Used for **domain separation** (prevents cross-field linking, allows versioning).
---
## Behavior
* **Always produces a pseudonym.** Never pass-through.
* **Key source:**
* If `KELORA_SECRET` is **set** (non-empty): derive a master key once with Argon2id → tokens **stable across runs**.
* If unset: generate a **random ephemeral** 32-byte key once at startup → tokens **not stable across runs**.
---
## Algorithm
1. **Master key (once at startup)**
* Env set:
`master = Argon2id(secret=KELORA_SECRET, salt="kelora:v1:master", m=64MiB, t=3, p=1)`
* Env absent:
`master = 32 random bytes from CSPRNG` (ephemeral)

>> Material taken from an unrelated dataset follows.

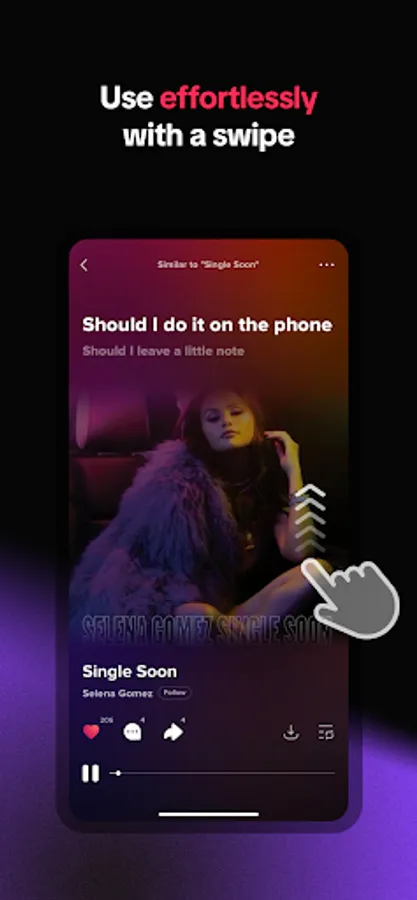 - Keep track of synchronized lyrics to your favorite songs. You express yourself by selecting the verses of your favorite song and sharing it on social media.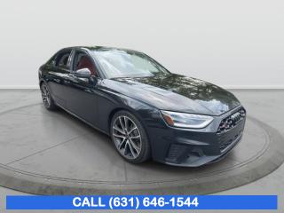 Comments 2023 Audi S4 3.0T Prestige quattro Black 8-Speed Automatic Clean CARFAX. 21/30 City/Highway MPG All pricing and details on this website are believed to be accurate, but we do not warrant or guarantee such accuracy. Please call or email us for complete vehicle-specific information. All displayed inventory is subject to prior sale, and all prices expire at midnight on the date displayed. Every reasonable effort has been made to ensure the accuracy of the information on this site; however, absolute accuracy cannot be guaranteed. Advertised specials exclude state tax, city tax, license, registration, NY state inspection, NYS tire recycling fee, finance charges, reconditioning fees and applicable dealer fees. All online prices are a balance after putting $3,995 down Please verify any information in question with a dealership sales manager, which can be done by calling us at (631) 646-1544 or visiting our dealership. Options 10 Speakers, AM/FM radio, Radio data system, Radio: MMI w/Audi Sound System, Air Conditioning, Automatic temperature control, Front dual zone A/C, Rear air conditioning, Rear window defroster, Power driver seat, Power steering, Power windows, Remote keyless entry, Steering wheel mounted audio controls, Four wheel independent suspension, Speed-sensing steering, Traction control, 4-Wheel Disc Brakes, ABS brakes, Dual front impact airbags, Dual front side impact airbags, Emergency communication system: Audi connect CARE, Front anti-roll bar, Knee airbag, Low tire pressure warning, Occupant sensing airbag, Overhead airbag, Rear anti-roll bar, Power moonroof, Brake assist, Electronic Stability Control, Exterior Parking Camera Rear, Auto High-beam Headlights, Delay-off headlights, Front fog lights, Panic alarm, Speed control, Bumpers: body-color, Heated door mirrors, Power door mirrors, Spoiler, Turn signal indicator mirrors, Audi smartphone interface (Apple CarPlay/Android Auto), Auto-dimming Rear-View mirror, Compass, Driver door bin, Driver vanity mirror, Front reading lights, Garage door transmitter: HomeLink, Heated Front S Sport Seats, Illuminated entry, Leather Shift Knob, Leather steering wheel, Outside temperature display, Overhead console, Passenger vanity mirror, Rear reading lights, Rear seat center armrest, Sport steering wheel, Tachometer, Telescoping steering wheel, Tilt steering wheel, Trip computer, Front Bucket Seats, Front Center Armrest, Heated front seats, Leather/Dinamica Seating Surfaces, Power passenger seat, Split folding rear seat, Passenger door bin, Alloy wheels, Wheels: 19" 5-Arm-Torsio Design, Rain sensing wipers, Speed-Sensitive Wipers, Variably intermittent wipers

2. **Per-domain key** (cached):
`k = HKDF-SHA256(ikm=master, info="kelora:v1:" + domain)`
3. **Token per call:**
`tag = HMAC-SHA-256(key=k, data=domain || value)`
`token = base64url_unpadded(tag)[0..24]` (fixed 24 chars)
---
## Logging (stderr, once at startup)
* Env set:
`pseudonym: ON (stable; KELORA_SECRET)`
* Env absent:
`pseudonym: ON (ephemeral; not stable)`
---
## Errors
* Empty domain → fatal: `pseudonym: domain must be non-empty`
* `KELORA_SECRET` present but empty → fatal: `KELORA_SECRET must not be empty`
* Init failures (Argon2/HKDF/HMAC) → fatal: `pseudonym init failed`
---
## Determinism & Rotation
* Same `(value, domain)` within a run → same token.
* Same `(value, domain, KELORA_SECRET)` across runs → same token.
* Changing `KELORA_SECRET` or bumping `domain` (e.g., `v1→v2`) → tokens intentionally change.
---
## Performance
* Argon2id once at startup (if env set): ~50–150 ms on modern CPUs.
* Ephemeral path: negligible startup.
* Per call: HMAC in microseconds.
---
## Acceptance Tests
1. Env absent: tokens differ across runs, match within one run.
2. Env set: tokens identical across machines for same `(value, domain, secret)`.
3. Domain separation: same secret, `pseudonym(v,"A") != pseudonym(v,"B")`.
4. Empty domain or empty secret → fatal error.
---
## Notes
* **This is pseudonymization, not anonymization.** Tokens are linkable within a domain.
* To prevent cross-linking between datasets, include dataset/export info in the domain (e.g., `"kelora:v1:email:export-2025-10-01"`).
* Output length (24 chars) balances compactness with negligible collision risk.